• _What you will do_:
Below are entries; output exactly the lines from the one with "이렇게 죽으나 저렇게" to the one with "2017年年初,白橋鎮(zh", both included, and nothing else.

---

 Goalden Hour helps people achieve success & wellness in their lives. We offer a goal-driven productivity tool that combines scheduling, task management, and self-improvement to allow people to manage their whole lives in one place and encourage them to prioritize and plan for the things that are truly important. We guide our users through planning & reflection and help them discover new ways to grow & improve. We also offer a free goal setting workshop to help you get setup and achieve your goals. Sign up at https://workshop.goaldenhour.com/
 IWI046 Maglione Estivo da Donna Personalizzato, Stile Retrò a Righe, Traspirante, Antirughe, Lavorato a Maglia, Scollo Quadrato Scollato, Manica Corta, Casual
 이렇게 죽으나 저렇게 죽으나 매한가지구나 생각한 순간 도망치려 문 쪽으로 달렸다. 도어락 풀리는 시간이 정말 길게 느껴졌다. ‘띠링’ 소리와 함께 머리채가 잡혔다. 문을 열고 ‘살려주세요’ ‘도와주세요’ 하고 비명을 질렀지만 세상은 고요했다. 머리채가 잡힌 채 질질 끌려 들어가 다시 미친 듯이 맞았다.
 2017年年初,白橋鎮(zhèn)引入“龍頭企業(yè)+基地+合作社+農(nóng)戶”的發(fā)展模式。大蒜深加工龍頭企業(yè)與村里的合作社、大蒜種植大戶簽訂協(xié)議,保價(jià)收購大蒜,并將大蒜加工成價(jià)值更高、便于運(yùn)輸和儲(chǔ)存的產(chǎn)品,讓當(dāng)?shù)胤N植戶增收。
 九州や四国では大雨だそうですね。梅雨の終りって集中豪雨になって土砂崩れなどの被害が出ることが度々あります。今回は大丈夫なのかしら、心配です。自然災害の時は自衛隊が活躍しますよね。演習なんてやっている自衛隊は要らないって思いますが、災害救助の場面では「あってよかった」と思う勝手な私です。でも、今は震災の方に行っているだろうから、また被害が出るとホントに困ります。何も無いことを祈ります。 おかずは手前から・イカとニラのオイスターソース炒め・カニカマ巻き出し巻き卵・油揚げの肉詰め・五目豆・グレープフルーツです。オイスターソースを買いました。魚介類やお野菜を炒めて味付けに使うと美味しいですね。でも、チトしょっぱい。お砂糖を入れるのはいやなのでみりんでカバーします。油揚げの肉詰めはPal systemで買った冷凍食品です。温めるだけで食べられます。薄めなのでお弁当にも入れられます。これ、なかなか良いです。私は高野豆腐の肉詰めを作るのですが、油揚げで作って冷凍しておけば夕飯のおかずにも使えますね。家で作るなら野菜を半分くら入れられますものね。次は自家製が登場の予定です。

---

• _Answer below_:
 이렇게 죽으나 저렇게 죽으나 매한가지구나 생각한 순간 도망치려 문 쪽으로 달렸다. 도어락 풀리는 시간이 정말 길게 느껴졌다. ‘띠링’ 소리와 함께 머리채가 잡혔다. 문을 열고 ‘살려주세요’ ‘도와주세요’ 하고 비명을 질렀지만 세상은 고요했다. 머리채가 잡힌 채 질질 끌려 들어가 다시 미친 듯이 맞았다.
 2017年年初,白橋鎮(zhèn)引入“龍頭企業(yè)+基地+合作社+農(nóng)戶”的發(fā)展模式。大蒜深加工龍頭企業(yè)與村里的合作社、大蒜種植大戶簽訂協(xié)議,保價(jià)收購大蒜,并將大蒜加工成價(jià)值更高、便于運(yùn)輸和儲(chǔ)存的產(chǎn)品,讓當(dāng)?shù)胤N植戶增收。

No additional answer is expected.